Find "Medium roast blend." and "Primera aparición pública" in the records below. Copy the lines holding them and every line between, exactly, and no others.

Start of Given records

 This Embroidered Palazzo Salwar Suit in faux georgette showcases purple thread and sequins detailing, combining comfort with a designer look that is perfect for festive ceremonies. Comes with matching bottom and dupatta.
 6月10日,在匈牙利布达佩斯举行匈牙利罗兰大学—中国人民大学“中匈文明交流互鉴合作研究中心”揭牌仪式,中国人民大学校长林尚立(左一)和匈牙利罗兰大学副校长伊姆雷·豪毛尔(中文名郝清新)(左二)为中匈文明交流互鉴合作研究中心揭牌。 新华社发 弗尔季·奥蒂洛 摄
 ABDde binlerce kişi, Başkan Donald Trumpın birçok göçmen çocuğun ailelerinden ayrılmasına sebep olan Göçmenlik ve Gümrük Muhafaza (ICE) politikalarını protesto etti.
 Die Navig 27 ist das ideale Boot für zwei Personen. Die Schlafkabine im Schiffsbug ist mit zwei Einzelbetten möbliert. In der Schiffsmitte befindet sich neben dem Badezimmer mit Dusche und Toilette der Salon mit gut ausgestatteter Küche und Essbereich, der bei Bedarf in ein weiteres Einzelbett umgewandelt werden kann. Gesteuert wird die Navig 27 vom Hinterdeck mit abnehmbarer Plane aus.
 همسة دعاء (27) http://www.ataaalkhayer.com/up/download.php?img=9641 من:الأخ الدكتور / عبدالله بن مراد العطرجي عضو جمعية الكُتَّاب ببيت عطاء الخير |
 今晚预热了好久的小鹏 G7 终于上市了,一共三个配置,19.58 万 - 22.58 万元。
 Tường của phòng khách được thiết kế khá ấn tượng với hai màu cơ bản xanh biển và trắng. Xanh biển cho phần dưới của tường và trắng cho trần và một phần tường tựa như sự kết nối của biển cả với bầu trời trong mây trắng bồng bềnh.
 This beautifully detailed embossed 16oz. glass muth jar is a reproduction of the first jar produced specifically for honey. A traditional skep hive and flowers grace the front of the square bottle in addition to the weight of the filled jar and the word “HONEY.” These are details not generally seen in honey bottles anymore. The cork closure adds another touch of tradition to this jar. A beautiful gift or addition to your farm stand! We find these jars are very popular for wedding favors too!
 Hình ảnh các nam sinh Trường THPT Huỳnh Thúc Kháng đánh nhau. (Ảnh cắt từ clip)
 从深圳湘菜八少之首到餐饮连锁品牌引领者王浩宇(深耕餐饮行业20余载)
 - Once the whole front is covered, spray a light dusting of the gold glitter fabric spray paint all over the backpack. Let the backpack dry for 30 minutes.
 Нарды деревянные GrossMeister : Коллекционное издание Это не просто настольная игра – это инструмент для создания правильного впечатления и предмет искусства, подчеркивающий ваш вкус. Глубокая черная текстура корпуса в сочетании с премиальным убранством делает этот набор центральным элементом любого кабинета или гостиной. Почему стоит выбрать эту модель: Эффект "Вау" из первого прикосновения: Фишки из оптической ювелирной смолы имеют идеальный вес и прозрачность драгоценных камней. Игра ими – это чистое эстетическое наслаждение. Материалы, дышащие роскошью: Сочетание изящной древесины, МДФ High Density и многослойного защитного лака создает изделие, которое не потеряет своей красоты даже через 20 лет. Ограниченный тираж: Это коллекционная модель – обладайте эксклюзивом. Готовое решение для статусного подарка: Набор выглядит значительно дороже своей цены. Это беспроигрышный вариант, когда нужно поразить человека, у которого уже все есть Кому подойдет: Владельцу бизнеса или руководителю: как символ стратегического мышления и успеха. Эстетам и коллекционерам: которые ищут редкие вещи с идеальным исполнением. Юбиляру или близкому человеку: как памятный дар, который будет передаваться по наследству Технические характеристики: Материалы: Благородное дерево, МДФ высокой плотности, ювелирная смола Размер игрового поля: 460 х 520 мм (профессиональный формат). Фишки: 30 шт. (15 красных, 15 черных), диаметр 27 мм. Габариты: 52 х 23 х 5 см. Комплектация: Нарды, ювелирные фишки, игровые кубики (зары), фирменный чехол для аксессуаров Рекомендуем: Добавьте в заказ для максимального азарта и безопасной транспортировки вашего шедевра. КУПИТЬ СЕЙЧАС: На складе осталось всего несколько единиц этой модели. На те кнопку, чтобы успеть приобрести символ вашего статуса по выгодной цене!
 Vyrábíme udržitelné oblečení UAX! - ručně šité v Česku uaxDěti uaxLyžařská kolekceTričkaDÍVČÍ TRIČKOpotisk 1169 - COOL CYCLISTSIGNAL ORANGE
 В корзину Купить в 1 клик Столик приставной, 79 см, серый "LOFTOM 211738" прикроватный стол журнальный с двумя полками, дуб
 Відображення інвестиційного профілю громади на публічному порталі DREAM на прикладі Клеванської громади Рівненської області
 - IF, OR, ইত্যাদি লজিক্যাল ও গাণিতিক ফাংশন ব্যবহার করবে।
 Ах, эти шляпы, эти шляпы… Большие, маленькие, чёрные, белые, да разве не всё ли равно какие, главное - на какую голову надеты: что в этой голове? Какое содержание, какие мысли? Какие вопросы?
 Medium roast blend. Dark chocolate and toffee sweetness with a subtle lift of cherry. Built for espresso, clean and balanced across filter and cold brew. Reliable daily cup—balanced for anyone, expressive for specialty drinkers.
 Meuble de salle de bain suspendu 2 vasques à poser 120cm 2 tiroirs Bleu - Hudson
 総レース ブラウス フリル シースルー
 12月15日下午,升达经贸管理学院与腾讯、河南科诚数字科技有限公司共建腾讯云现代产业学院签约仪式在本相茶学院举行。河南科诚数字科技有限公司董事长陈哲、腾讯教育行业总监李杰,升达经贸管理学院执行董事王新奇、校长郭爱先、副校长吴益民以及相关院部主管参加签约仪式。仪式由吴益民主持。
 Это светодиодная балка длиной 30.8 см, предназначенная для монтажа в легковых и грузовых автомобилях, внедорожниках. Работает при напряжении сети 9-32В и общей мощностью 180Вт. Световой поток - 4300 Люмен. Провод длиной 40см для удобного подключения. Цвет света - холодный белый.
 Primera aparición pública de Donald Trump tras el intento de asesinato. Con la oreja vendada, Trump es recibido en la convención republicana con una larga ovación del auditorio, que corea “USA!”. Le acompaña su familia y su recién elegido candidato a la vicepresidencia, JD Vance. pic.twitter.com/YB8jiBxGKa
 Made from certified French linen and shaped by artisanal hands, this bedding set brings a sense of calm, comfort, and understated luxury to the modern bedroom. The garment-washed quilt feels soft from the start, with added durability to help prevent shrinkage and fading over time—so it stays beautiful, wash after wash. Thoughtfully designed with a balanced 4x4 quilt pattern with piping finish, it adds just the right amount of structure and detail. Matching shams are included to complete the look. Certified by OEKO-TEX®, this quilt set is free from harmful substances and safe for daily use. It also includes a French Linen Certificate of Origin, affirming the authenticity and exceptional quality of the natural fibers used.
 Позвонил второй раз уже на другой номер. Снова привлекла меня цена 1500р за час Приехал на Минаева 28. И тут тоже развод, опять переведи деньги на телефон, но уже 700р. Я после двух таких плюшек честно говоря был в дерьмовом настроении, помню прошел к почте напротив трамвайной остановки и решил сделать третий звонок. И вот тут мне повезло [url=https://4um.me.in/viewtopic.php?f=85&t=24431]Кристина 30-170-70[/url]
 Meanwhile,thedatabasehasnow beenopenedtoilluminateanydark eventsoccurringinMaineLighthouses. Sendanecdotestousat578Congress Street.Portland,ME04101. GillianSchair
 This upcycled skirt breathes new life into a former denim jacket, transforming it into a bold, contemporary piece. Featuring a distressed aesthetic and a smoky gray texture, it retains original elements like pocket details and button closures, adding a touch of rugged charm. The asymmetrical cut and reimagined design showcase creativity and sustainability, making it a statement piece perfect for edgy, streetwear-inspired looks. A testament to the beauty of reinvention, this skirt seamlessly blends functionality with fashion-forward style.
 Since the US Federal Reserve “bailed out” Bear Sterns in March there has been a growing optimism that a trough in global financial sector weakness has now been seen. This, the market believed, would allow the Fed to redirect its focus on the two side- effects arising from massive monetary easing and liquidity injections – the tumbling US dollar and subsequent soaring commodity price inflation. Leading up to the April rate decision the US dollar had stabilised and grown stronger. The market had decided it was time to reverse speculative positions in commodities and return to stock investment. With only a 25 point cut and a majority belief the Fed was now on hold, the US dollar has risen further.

End of Given records

Answer box ▸
 Medium roast blend. Dark chocolate and toffee sweetness with a subtle lift of cherry. Built for espresso, clean and balanced across filter and cold brew. Reliable daily cup—balanced for anyone, expressive for specialty drinkers.
 Meuble de salle de bain suspendu 2 vasques à poser 120cm 2 tiroirs Bleu - Hudson
 総レース ブラウス フリル シースルー
 12月15日下午,升达经贸管理学院与腾讯、河南科诚数字科技有限公司共建腾讯云现代产业学院签约仪式在本相茶学院举行。河南科诚数字科技有限公司董事长陈哲、腾讯教育行业总监李杰,升达经贸管理学院执行董事王新奇、校长郭爱先、副校长吴益民以及相关院部主管参加签约仪式。仪式由吴益民主持。
 Это светодиодная балка длиной 30.8 см, предназначенная для монтажа в легковых и грузовых автомобилях, внедорожниках. Работает при напряжении сети 9-32В и общей мощностью 180Вт. Световой поток - 4300 Люмен. Провод длиной 40см для удобного подключения. Цвет света - холодный белый.
 Primera aparición pública de Donald Trump tras el intento de asesinato. Con la oreja vendada, Trump es recibido en la convención republicana con una larga ovación del auditorio, que corea “USA!”. Le acompaña su familia y su recién elegido candidato a la vicepresidencia, JD Vance. pic.twitter.com/YB8jiBxGKa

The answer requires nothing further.